This propensity, I also had. In college, (still straight), I was also nurturing my addiction to jealous dramas with a long, drawn out saga involving 2 of my best friends who eventually got together, leaving me to play the role of mascot, unable to face my own genuine drama. I suppose any queer girl could get caught up in this crazy stuff, but I think femmes in particular are susceptible because with guys, I mean, there’s something there that’s interesting. The masculinity part is good, it’s just not the right packaging.
I don’t know if Willow is really a lesbian and she’s probably not going to be a femme (although she would make a totally adorable geeky one, for sure), but I’m rooting for her. I also don’t know if the main character of Haven Kimmel’s novel, Something Rising (Light and Swift) is queer because she’s pretty secretive about herself (a clue, perhaps), but she sure acts like a butch. (Stop now if you don’t want to hear about the story!) From the time she’s ten and working hard to improve a shack out by the river to right now in the book (I’m a little over halfway through) when she’s consumed with anger, not hooked up with anyone, taking care of her agoraphobic and anorexic older sister after having had to be the breadwinner and caretaker of all the rest of her family as well, she acts like a butch who has to shore up the world because no one else is stepping up. She’s also a carpenter and most of all, an extremely gifted pool player. She appears to have no sexuality at all, and when someone asks her if she’s gay, she says, “Are you trying to piss me off?” Mm hm.
In “Innocence” (Season 2, Episode 14), Cordelia asks Xander if looking at guns really makes people think about sex, and do they make Xander think about sex? Xander says, “Cordelia, I’m 17 – looking at linoleum makes me think about sex!” Good one! And so true. But what about those of us who, also 17 or however old we were, also with hormones in overdrive, didn’t get turned on by thinking about sex with the proscribed gender and were, for whatever reason, unable to realize what gender or what gender flavor, would turn us on? All our thoughts about sex got turned elsewhere, often in incredibly destructive directions. The other day, I was just remembering when I lived in Tokyo in my early 20s and the object of my delusional affection came to visit, still not in love with me, still only in love with my friend, but I hung out with him anyway, gave him my all. I wrote a song about being his dogsbody, I would ride back to my lonely apartment at rush hour after having seen him, tears running down my face, anguish personified, for all the tired salary men and office ladies going home to admire and wonder over.

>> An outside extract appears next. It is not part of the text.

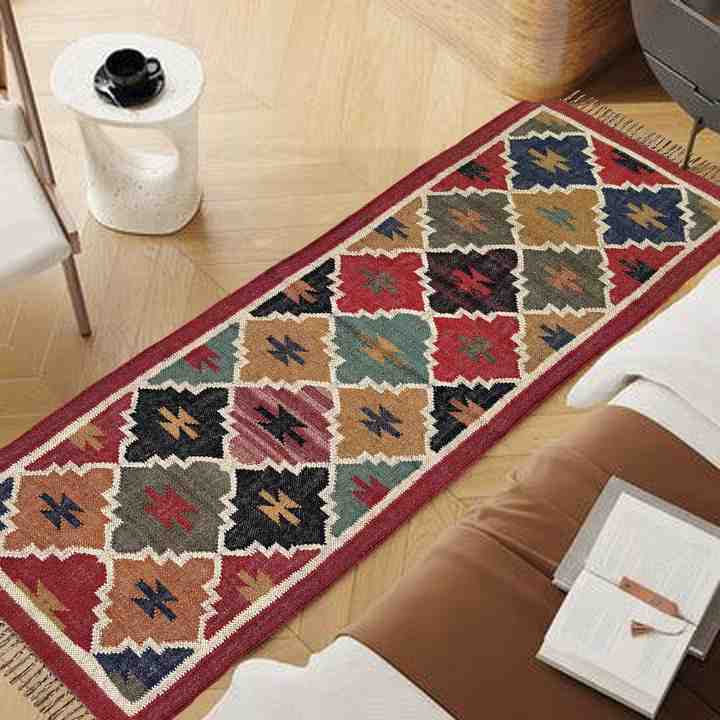 Neutral Earthy Tones Hand Woven Jute-Woolen Kilim Rugs for Living Room Bedroom & Study

Joel, the main character in Mark Merlis’s novel Man About Town realizes at midlife that “[b]eing gay had taken up his whole life. He had devoted the whole of his youth to it, had studied it year after year as intensively as if he had been training to be a neurosurgeon. There hadn’t been time for anything else.” Part of his being gay (and mine) was first not to know or to deny that he was gay – that took a long time. Then it took a long time and a lot of devotion to being gay, and then – for me, for many femmes – a long time figuring out that I wasn’t a regulah lesbian. And here we are, me and Joel, heading rapidly towards fifty and just coming into ourselves – who we really are, with a sexuality integrated into our whole selves.
No wonder I’ve been sitting around watching Buffy!